Alcé la vista para mirar fijamente al rostro de Doyle, y le quise. Quería escaparme con él. Frost llegó hasta nosotros. Miré a mis dos hombres. Quise envolverlos a mi alrededor como una manta. No quería bajar a ese agujero apestoso y caminar sobre huesos afilados como navajas y agua sucia para matar a alguien a quien ni siquiera había pensado hacer daño.

– No quiero esta muerte.

– Debes elegir -dijo Doyle suavemente.

Rhys se unió a nosotros.

– Si estamos hablando de nuestra fuga definitiva a Los Ángeles, ¿puedo venir también?
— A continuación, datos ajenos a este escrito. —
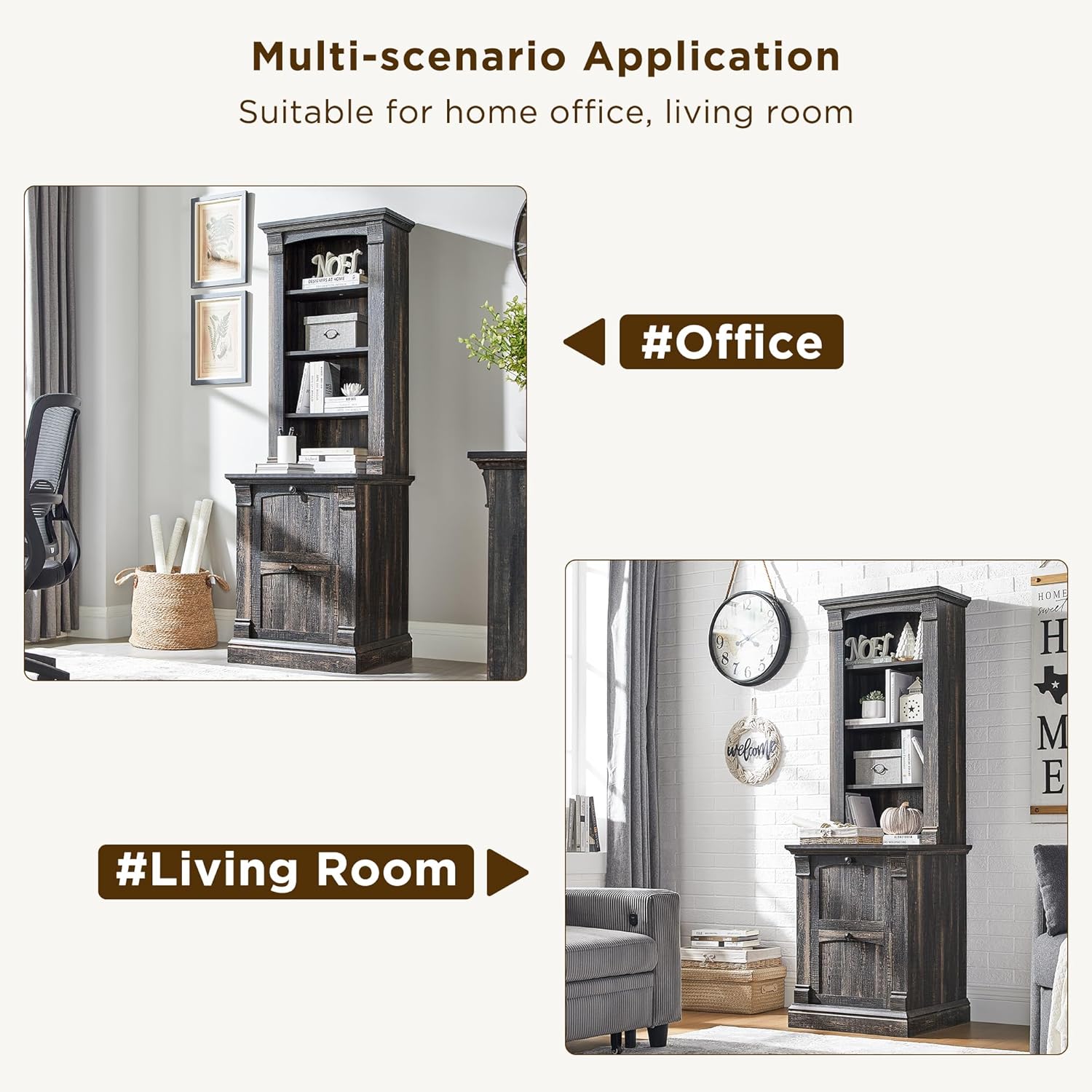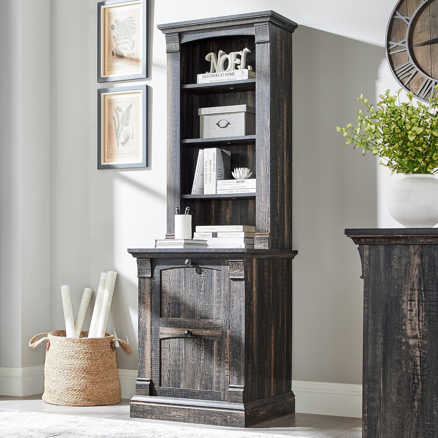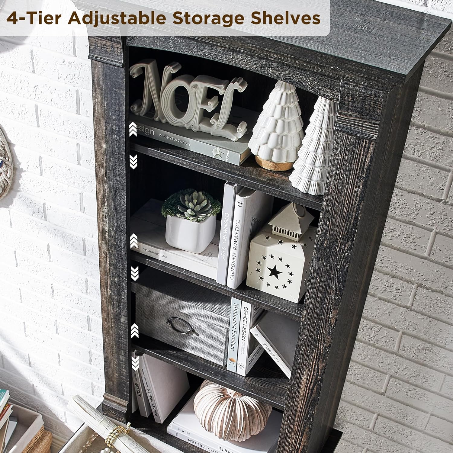 Organize your home or office with this stylish farmhouse bookcase. It features four adjustable open shelves for displaying books, d¨¦cor, or storing essentials. The two convenient drawers offer concealed storage to keep your space clutter-free. Crafted with a dark rustic oak finish, this bookcase adds a touch of warmth and sophistication to any room.

Me reí de él, acariciando su rostro.

– Sí, tú vienes también.

– Bien, porque una vez Cel esté en el trono, la Corte de la Oscuridad no será segura para nadie.

Cerré los ojos, descansando la frente durante un minuto contra el pecho desnudo de Doyle. Presioné la mejilla contra él, fuerte, de forma que pudiera escuchar el lento y estable latir de su corazón.

Abeloec, que había estado callado, habló junto a mi rostro:

– Tú has bebido profundamente de la copa, de ambas copas, Meredith. Dondequiera que vayas los sidhe te seguirán.

Yo lo miré, tratando de percibir todos los dobles significados en lo que había dicho.

– Yo no quiero esta matanza.

– Debes elegir -dijo Abeloec.

Seguí aferrada a Doyle por un momento más, luego me aparté. Me obligué a estar de pie, erguida, los hombros hacia atrás, aunque el hombro que Segna me había herido me dolía y escocía. Si mi cuerpo no se curaba por sí mismo, iba a necesitar puntos. Si alguna vez pudiéramos volver a la Corte Oscura, había sanadores que me podrían curar. Pero era como si algo, o alguien, no me quisiera de regreso allí. No pensaba que fueran nuestros respectivos enemigos políticos, sino que comenzaba a sentir la mano de la deidad empujar firmemente en mi espalda.

Había querido que la Diosa y el Consorte se movieran entre nosotros otra vez, todos nosotros habíamos querido eso. Pero comenzaba a darme cuenta de que cuando los dioses se mueven, o tú te quitas de en medio o eres barrido fuera del camino. No estaba segura de que quitarme de en medio fuera una opción para mí.